В парализованном свете. 1979—1984
Шрифт:
— Тоник! Наконец! Ну что, разыскал красотку?
— Разыскал, — без всякого энтузиазма отвечает Тоник. — Она внизу. Этот каццо ее ко мне не пускает.
— Сейчас все уладим. Заходи! Господи ты боже мой!..
Они входят в кабинет.
— Ты, Сань, позвонил бы кому надо, что ли?
Александр Григорьевич радушно улыбается. Круглое лицо лоснится. От глаз разбегаются лучики.
— Не беспокойся. Она уже в номере.
— В каком номере?
— В твоем — триста девяносто третьем. В каком же еще!
— Порка мадонна!
Тоник дергает дверь.
— Сань, открой. Я пойду к ней.
Александр Григорьевич будто не слышит. Он думает о своем, морщит покатый лоб.
— К тебе загляну попозже. Слышь? А то Платон скоро вернется.
— Не скоро. У него ведь прием в «Матьяш пиллз».
Александр Григорьевич достает из кармана брюк брелок в виде буквы F, откупоривает бутылку емкостью 0,33 л с желтой шипучкой «фантой» — фирменным напитком Следственного Отдела, разливает в тяжелые хрустальные стаканы с утолщенными днищами.
— Вам не тесно вдвоем в одном номере?
— Нормально, — говорит Тоник. — Я ведь вроде его секретаря. Что называется, при нем…
— А разве не сам по себе? Не по своим звукооператорским делам приехал в Будапешт? Не по светотехническим?
Александр Григорьевич медленно глотает лопающиеся пузырьки.
— Вообще-то конечно, Сань. Если разобраться…
Тоник выпивает из своего стакана залпом. Мелкие пузырьки расслабляющим кипятком бегут по жилам.
— Да ты разденься, здесь жарко.
Сам Александр Григорьевич скидывает свой мышиного цвета пиджак, вешает на спинку рабочего кресла.
— Кондиционеры ни к черту…
Тоник распускает кожаный пояс, расстегивает пуговицы на кожаном пальто. «Да, — думает. — Ну и клевое у него оборудование! Одни эти ручки-штучки чего стоят. Что ты!.. Фирма… Свистнуть бы, конечно, отвинтить…»
— Я, ты знаешь, могу Платона и у себя устроить.
— Где?
— Да прямо тут…
Александр Григорьевич опускает глаза, загадочно улыбается. А вот Тонику не нравится эта его кривая улыбочка. И то не нравится, что за глаза он называет Платона только по имени, без отчества. Писатель все-таки. Мог бы и повежливее.
— Ему-то это на хрена?
— У тебя ведь девушка…
— Оно конечно… — соглашается Тоник. — Но, с другой стороны, там, обратно же, душ, сортир, койки широкие. Все удобства.
— Ему тут тоже будет неплохо.
— На раскладушке?
И снова такая же странная, себе на уме улыбка.
— Все равно эта сука жизни не даст, — говорит Тоник. — Этот каццо. Этот стронцо…

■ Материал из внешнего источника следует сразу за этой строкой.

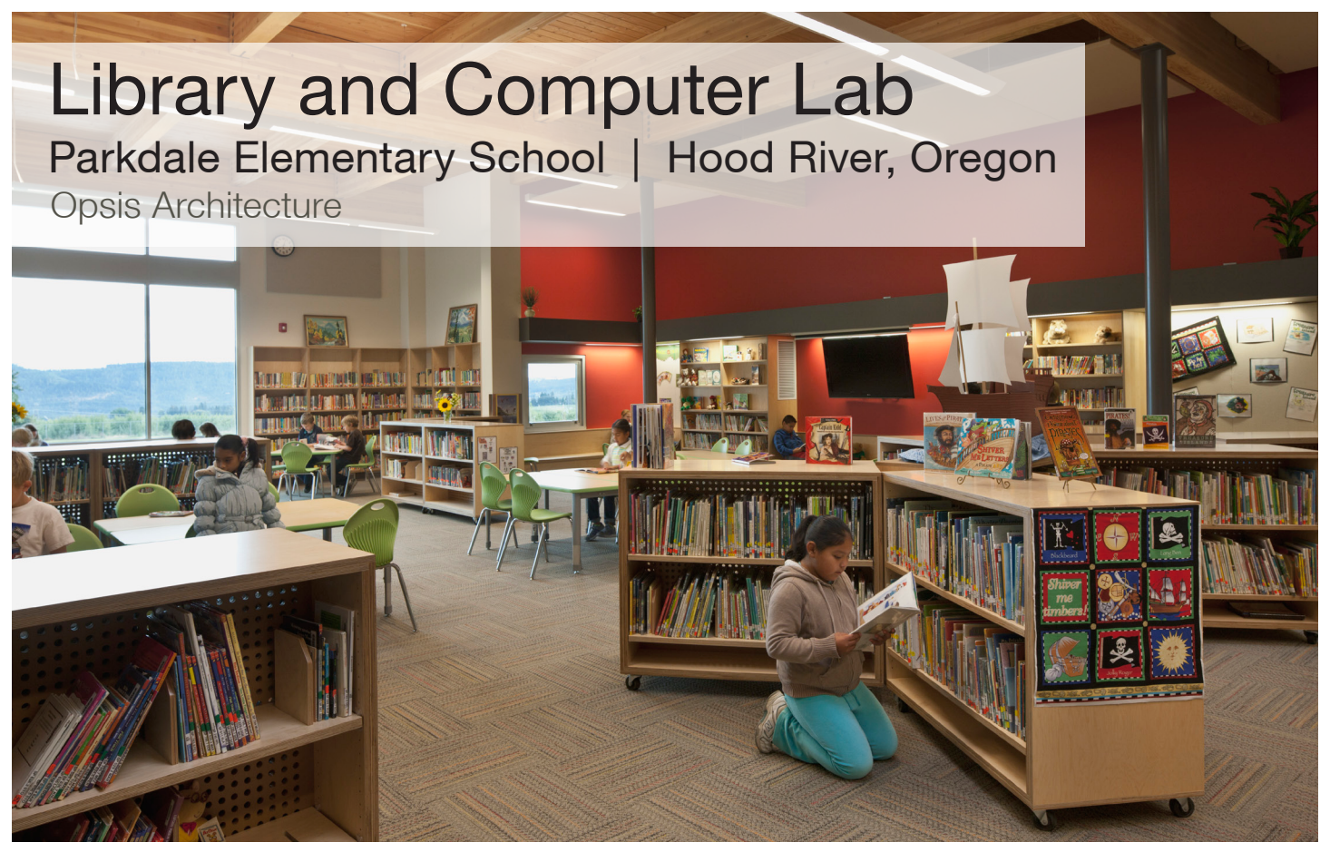
Warm tones and wood finishes, visible to the exterior, complement the rural mountain community.
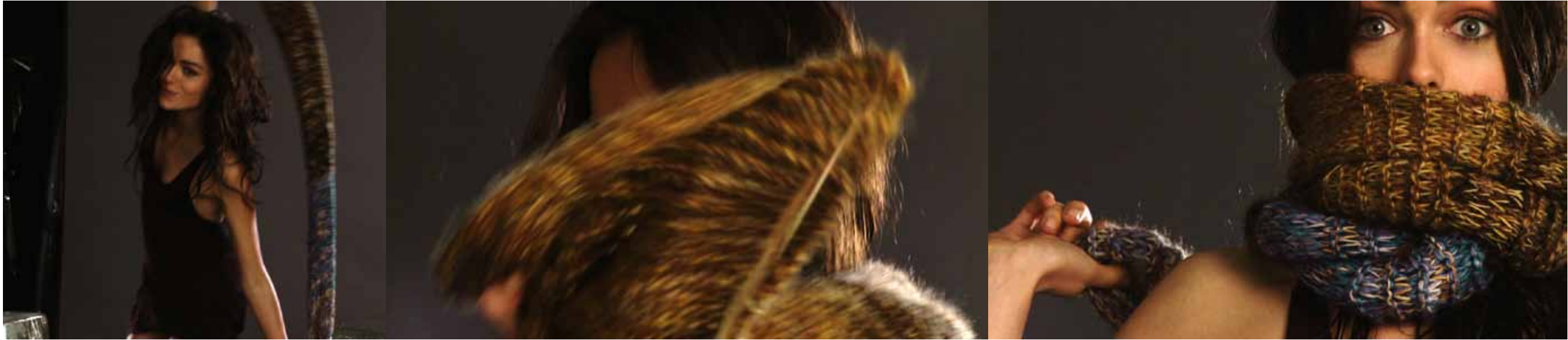
sky.wood. l.72in. w.14in. t.10in. wool. silk. mohair. style 00060

Тоник прямо задыхается. Не хватает слов. Зла не хватает.
Александр Григорьевич подходит к столу со стороны рабочего кресла, щелкает рычажком и опять ловит себя на непростительной забывчивости. Зябко поеживаясь, будто замерз, хотя стало не то что прохладнее, а еще даже жарче, он надевает пиджак, снова щелкает рычажком, отворачивается, становится к Тонику спиной, наклоняется, бормочет вполголоса:
— Три
Что-то в столе опять начинает гудеть, урчать и вибрировать, потом стихает.
— Все в порядке. Бела Будаи больше не дежурит.
— Уволили? — спрашивает Тоник.
— Ну…
— Отпуск?
— Да. Долговременный… Знаешь, — вдруг говорит Саня Скаковцев, — он заболел.
— Грипп?
— Что-то вроде.
— Надолго?
— Навсегда.
— Сосиску тебе в рот!..
Тоника даже в жар бросает. Александр Григорьевич смеется Александр Григорьевич отмахивается: мол, не стоит благодарности. Такая, мол, мелочь. Сущие пустяки.
— Главное, чтобы у тебя с твоей девушкой… — И тон такой отеческий. — Чтобы у вас все было хорошо.
Тоник терпеть не может, когда с ним так разговаривают. С Платоном из-за этого вечно ругается.
— Нет, — исправляет ход его мысли Александр Григорьевич. — С Платоном как раз совсем не так…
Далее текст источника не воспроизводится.